BENGKULU – Bukan hanya kelebihan dana honorarium lembur anggota Kelompok Panitia Pemungutan Suara (KPPS) Pilkada tahun 2005 senilai Rp 5,1 miliar yang belum kunjung ditindaklanjuti oleh KPU Provinsi periode 2003-2008, Kepala Badan Pemeriksa Keuangan (BPK) RI Perwakilan Bengkulu, Ade Iwan Rusnama, SE Ak MM membeberkan masih banyak Laporan Hasil Pemeriksaan (LHP) DPRD Provinsi Bengkulu yang juga kunjung belum ditindaklanjuti.
Dijelaskan bukan hanya premi asuransi tahun 2008-2009 anggota DPRD Provinsi sebesar Rp 79,2 juta dan biaya referensentasi dan tambahan SPPD Rp 170 juta tahun 2007, tetapi juga tunjangan komunikasi intensif (TKI) Rp 3,98 miliar yang belum kunjung ditindaklanjuti oleh anggota DPRD Provinsi Bengkulu periode 2004-2009.
“Semua rekomendasi mengembalikan dana itu, termasuk dana TKI yang belum kunjung dikembalikan sebesar Rp 3,98 miliar dari total dana Rp 5,1 miliar wajib dikembalikan.

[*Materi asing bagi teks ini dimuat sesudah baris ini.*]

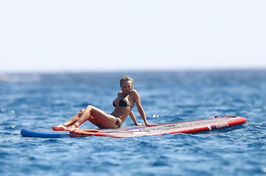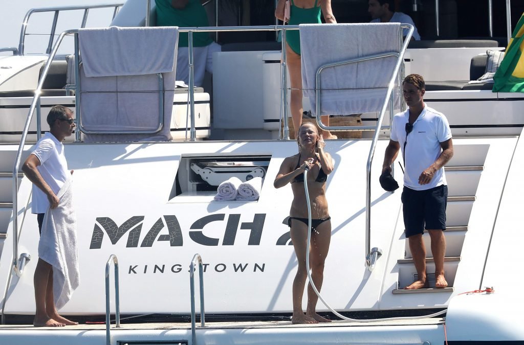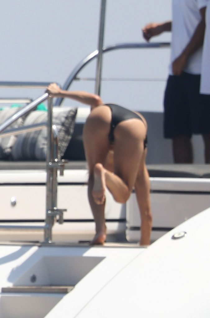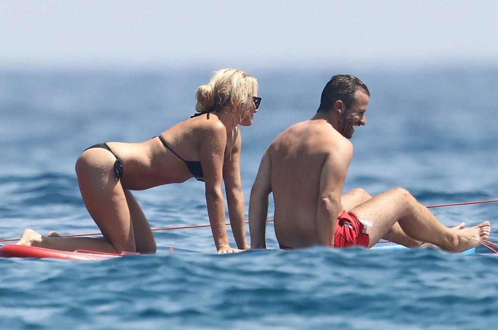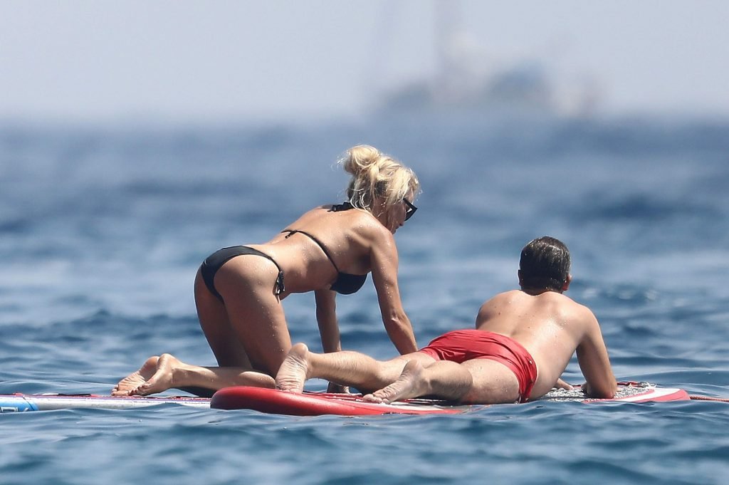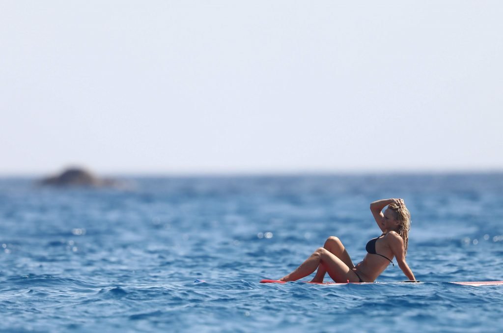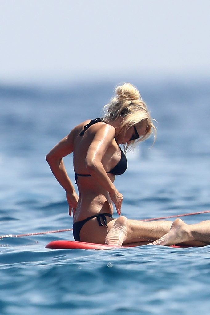 Pamela Anderson montre son corps chaud dans un bikini noir en vacances en France, 04/08/2017. Pamela Anderson est une actrice canado-américaine (Alerte à Malibu, 2017), mannequin, activiste. Âge – 50.
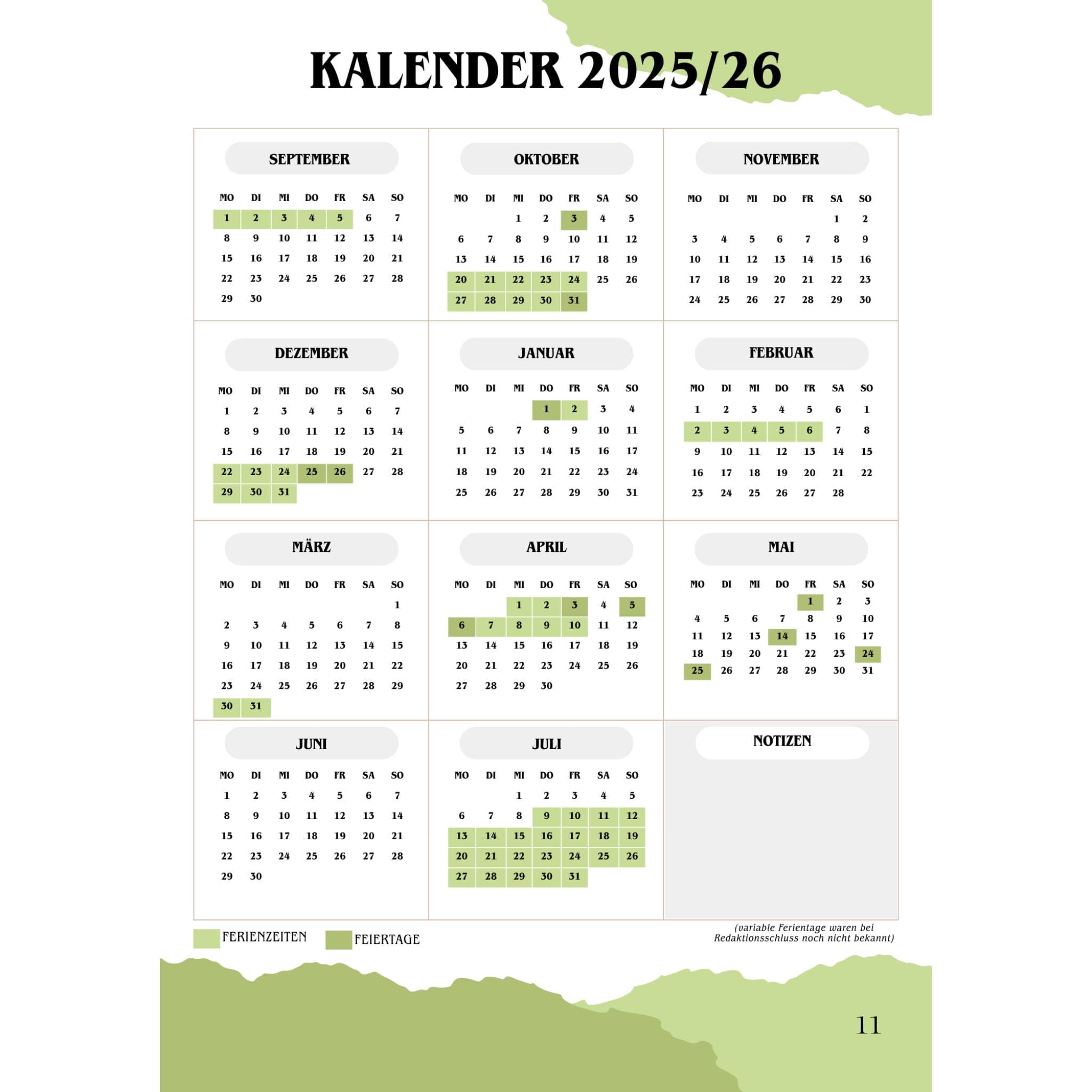 Mit Anfang des neuen Schuljahrs ist der Schulplaner für das Jahr 2025/26 nicht mehr verfügbar und der nächste Schulplaner wird erst wieder für das Schuljahr 2026/27 existieren. Wir bedanken uns bei jedem, der ein Exemplar gekauft hat!
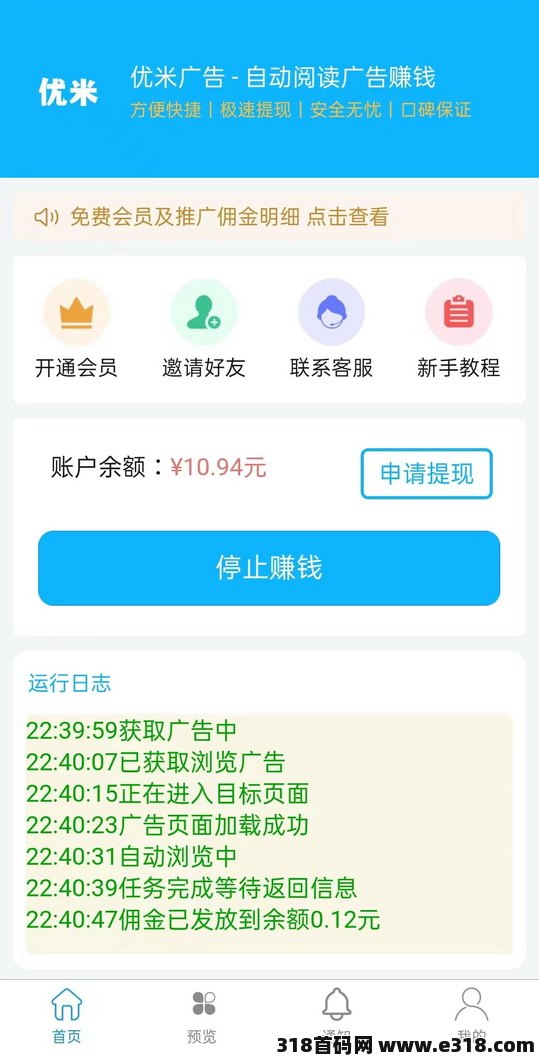 优米广告挂_机是一款集合了自动浏览广告、阅读挂矶、自动化点赞关注等方式手机自动赚钱的软件,安卓、苹果手机都可以使用,零元创收的最佳项目 ,有时间挂机就行 ,不需要你操作啥,点开即玩 ,自动赚米!纯脚本全自化动运行,无需人工全自动结合起来看广告3毛一条 ,一天可以看50~60条,每条15秒 ,保底一天赚15~18米(后期价格提高,每天可以净赚50元),免费加入优米联盟合伙人,只要你去干了,百分百都有收益,当天就能见到努力挂矶带来的丰硕成果!
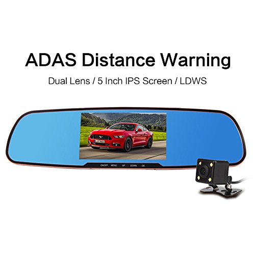 -. Title : Dash Cam Car DVR Camera Dual Lens With ADAS Distance Warning, Full HD 1080P Car Front Camera + Rearview Camera, 5 Inch LCD screen 170 View Angle,Superior Night Vision,Free 16G Card
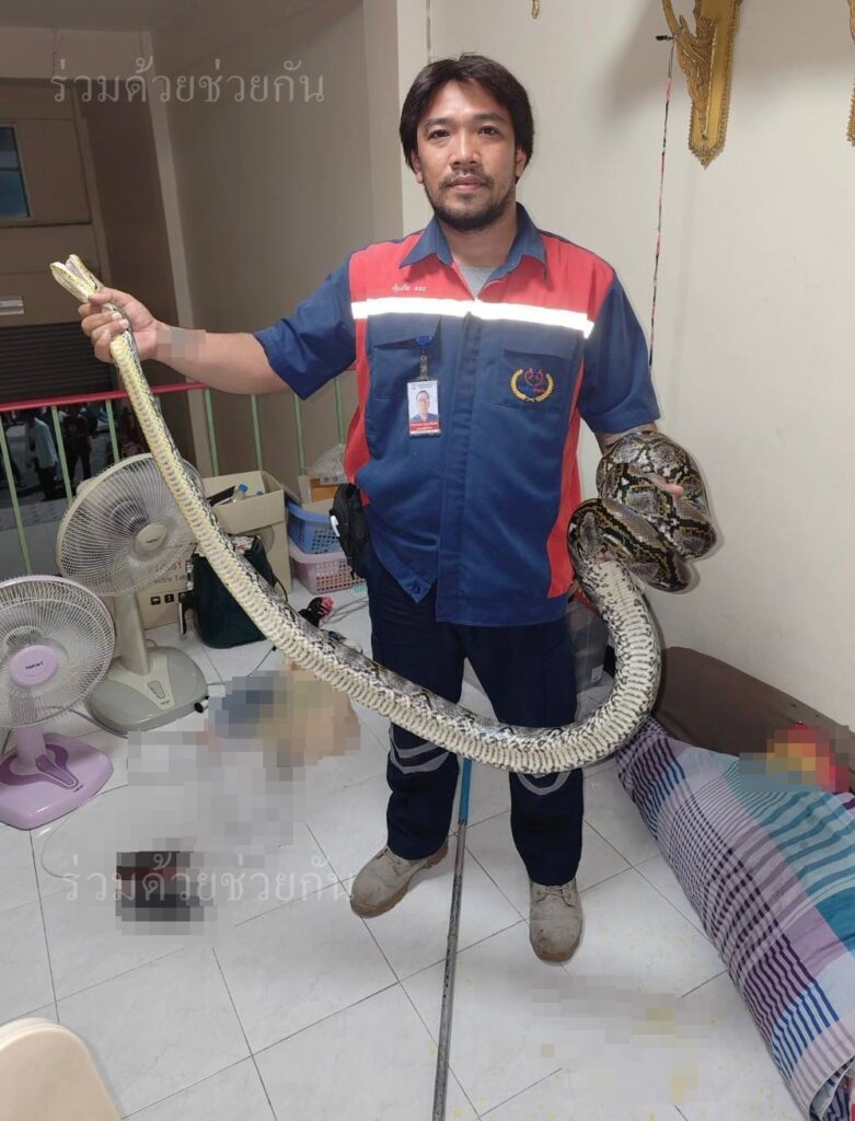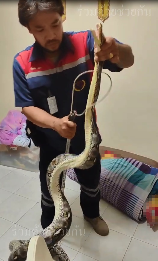 ประชาชนขอความช่วยเหลือให้ช่วยจับงูเหลือมยาว 4 เมตร ถนนเสรีไทย ซอย 48 อาสาร่วมด้วยเร่งช่วยเหลือจับไปปล่อยป่าเป็นที่เรียบร้อย

BPK akan terus memonitoring pengembalian dana TKI tersebut,” tegas Ade.
Kepada RB, Ade mengatakan dibandingkan kelebihan dana Pilkada Rp 5,1 miliar yang tidak tahu di mana lagi anggota KPPSnya, lebih mudah mencari anggota DPRD Provinsi periode 2004-2009 untuk mengembalikan kelebihan TKI. Menurutnya DPRD Provinsi saat ini sebaiknya mesti juga membahas dan mendorong agar dana TKI tersebut juga segera ditindaklanjuti.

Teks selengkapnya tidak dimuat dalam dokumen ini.